• _Assignment_: There is one span to output from the data below: the lines starting at the line with "Der Fokus lag" and ending at the line with "For iPad Pro". Output it exactly, ends included, nothing more.

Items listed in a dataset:
■ ■ ■
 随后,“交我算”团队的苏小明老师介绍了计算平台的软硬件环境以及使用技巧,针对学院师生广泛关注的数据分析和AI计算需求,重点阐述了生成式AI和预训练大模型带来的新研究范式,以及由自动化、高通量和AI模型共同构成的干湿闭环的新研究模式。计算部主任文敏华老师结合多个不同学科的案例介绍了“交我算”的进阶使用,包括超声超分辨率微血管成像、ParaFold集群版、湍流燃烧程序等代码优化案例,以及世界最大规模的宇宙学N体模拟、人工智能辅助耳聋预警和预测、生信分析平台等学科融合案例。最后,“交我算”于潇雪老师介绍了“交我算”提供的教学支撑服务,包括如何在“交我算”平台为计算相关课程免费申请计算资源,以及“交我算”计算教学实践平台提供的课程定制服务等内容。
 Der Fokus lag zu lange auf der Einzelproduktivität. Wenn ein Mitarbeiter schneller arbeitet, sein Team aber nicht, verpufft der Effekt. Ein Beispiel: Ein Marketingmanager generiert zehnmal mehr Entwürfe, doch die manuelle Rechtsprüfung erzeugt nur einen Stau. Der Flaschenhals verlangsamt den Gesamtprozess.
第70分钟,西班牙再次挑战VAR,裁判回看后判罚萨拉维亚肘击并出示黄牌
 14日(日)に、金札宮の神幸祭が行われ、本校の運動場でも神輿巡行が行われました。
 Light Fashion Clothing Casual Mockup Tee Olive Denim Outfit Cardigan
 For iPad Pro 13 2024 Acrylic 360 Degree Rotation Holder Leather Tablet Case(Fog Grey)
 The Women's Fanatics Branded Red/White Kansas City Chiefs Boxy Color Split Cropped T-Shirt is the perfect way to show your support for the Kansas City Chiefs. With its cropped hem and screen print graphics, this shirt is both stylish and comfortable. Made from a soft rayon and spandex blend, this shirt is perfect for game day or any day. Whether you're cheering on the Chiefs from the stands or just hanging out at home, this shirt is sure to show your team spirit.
■ ■ ■
• _Answer box_:
 Der Fokus lag zu lange auf der Einzelproduktivität. Wenn ein Mitarbeiter schneller arbeitet, sein Team aber nicht, verpufft der Effekt. Ein Beispiel: Ein Marketingmanager generiert zehnmal mehr Entwürfe, doch die manuelle Rechtsprüfung erzeugt nur einen Stau. Der Flaschenhals verlangsamt den Gesamtprozess.
第70分钟,西班牙再次挑战VAR,裁判回看后判罚萨拉维亚肘击并出示黄牌
 14日(日)に、金札宮の神幸祭が行われ、本校の運動場でも神輿巡行が行われました。
 Light Fashion Clothing Casual Mockup Tee Olive Denim Outfit Cardigan
 For iPad Pro 13 2024 Acrylic 360 Degree Rotation Holder Leather Tablet Case(Fog Grey)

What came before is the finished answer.